▸ What you have to do
Going through the material below, output exactly the lines from the one containing "Itens inclusos: - Três" through the one containing "Each archetype typically", and no pictures.
══ Task input
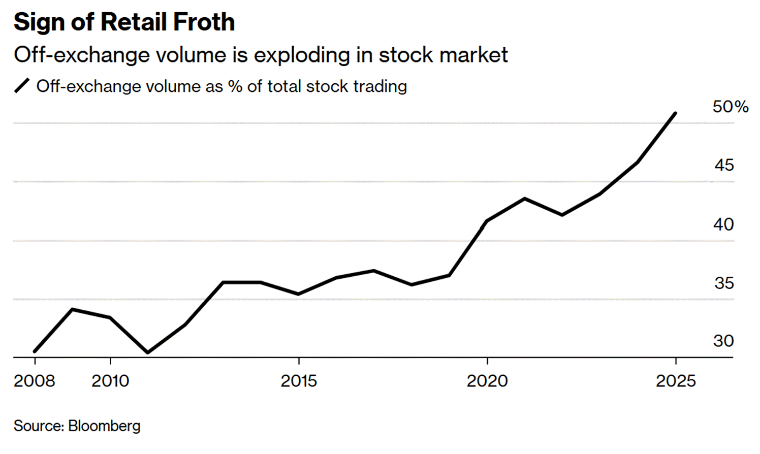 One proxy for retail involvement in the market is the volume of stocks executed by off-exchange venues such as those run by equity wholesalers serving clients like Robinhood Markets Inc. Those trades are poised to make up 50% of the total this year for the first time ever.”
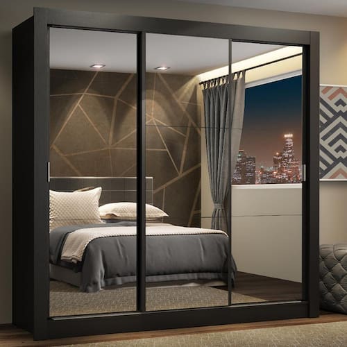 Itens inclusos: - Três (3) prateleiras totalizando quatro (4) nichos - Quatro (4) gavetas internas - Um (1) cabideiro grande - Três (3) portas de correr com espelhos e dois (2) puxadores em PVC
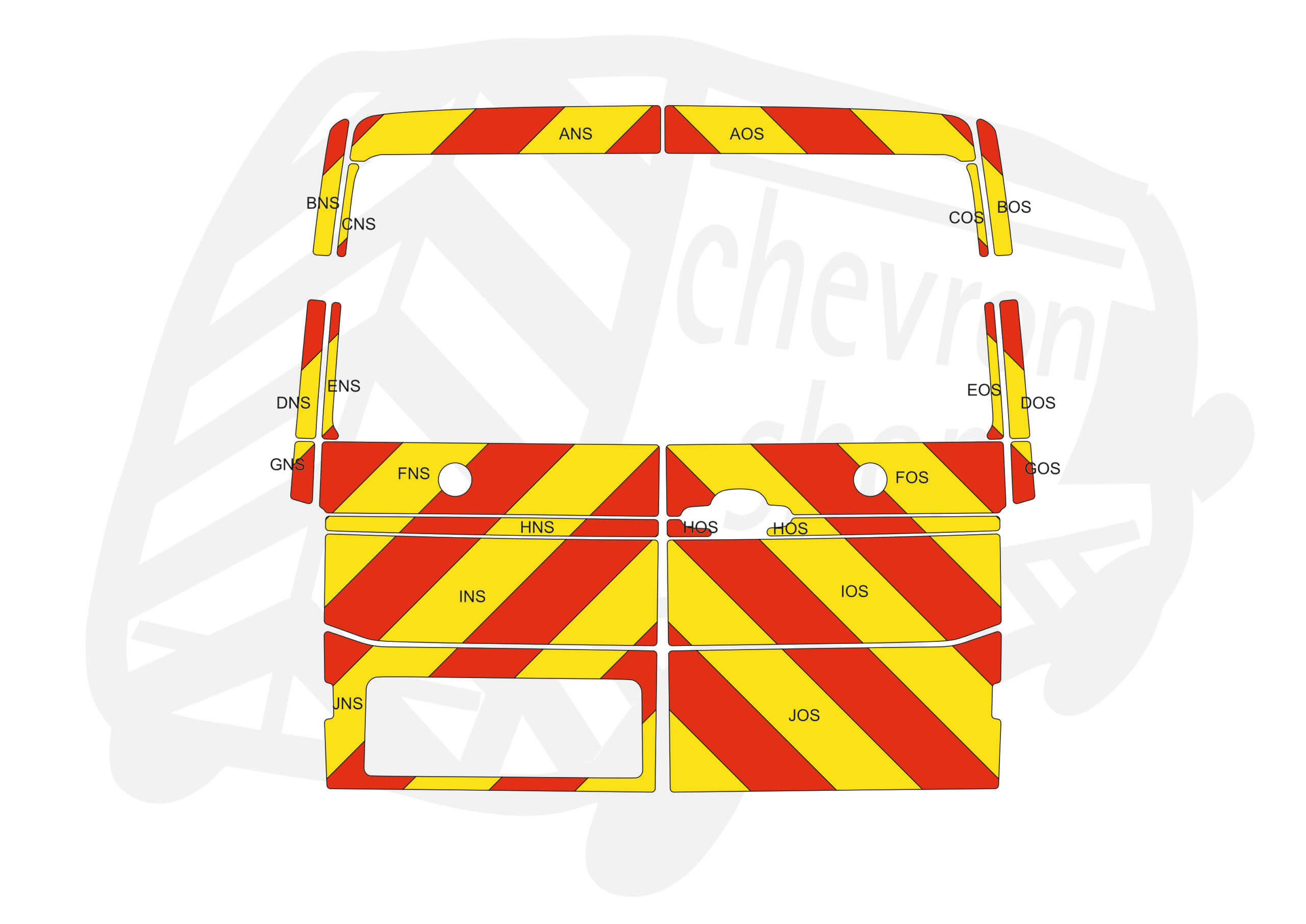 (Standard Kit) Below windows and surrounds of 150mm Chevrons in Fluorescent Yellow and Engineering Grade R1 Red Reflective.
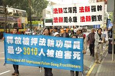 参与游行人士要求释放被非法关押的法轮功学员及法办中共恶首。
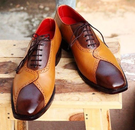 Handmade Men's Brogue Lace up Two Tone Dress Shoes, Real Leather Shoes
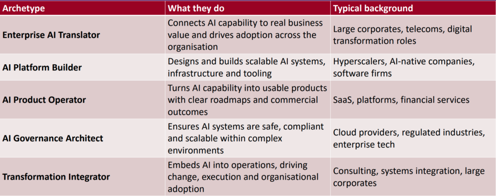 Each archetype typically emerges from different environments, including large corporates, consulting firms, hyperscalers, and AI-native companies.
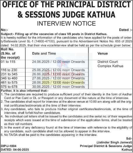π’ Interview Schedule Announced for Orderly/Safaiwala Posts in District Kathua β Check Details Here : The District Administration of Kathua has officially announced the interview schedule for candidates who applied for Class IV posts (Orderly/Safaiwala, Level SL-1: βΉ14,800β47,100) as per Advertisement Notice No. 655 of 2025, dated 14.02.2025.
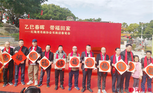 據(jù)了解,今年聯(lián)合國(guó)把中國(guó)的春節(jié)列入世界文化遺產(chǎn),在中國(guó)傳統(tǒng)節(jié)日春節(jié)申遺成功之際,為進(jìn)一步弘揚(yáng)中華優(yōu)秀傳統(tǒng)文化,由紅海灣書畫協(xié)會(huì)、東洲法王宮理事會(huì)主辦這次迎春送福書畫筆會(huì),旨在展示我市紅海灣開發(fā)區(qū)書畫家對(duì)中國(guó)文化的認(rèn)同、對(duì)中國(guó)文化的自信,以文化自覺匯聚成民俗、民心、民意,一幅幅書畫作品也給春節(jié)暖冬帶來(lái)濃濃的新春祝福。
════
▸ Reply to the task
 Itens inclusos: - Três (3) prateleiras totalizando quatro (4) nichos - Quatro (4) gavetas internas - Um (1) cabideiro grande - Três (3) portas de correr com espelhos e dois (2) puxadores em PVC
 (Standard Kit) Below windows and surrounds of 150mm Chevrons in Fluorescent Yellow and Engineering Grade R1 Red Reflective.
 参与游行人士要求释放被非法关押的法轮功学员及法办中共恶首。
 Handmade Men's Brogue Lace up Two Tone Dress Shoes, Real Leather Shoes
 Each archetype typically emerges from different environments, including large corporates, consulting firms, hyperscalers, and AI-native companies.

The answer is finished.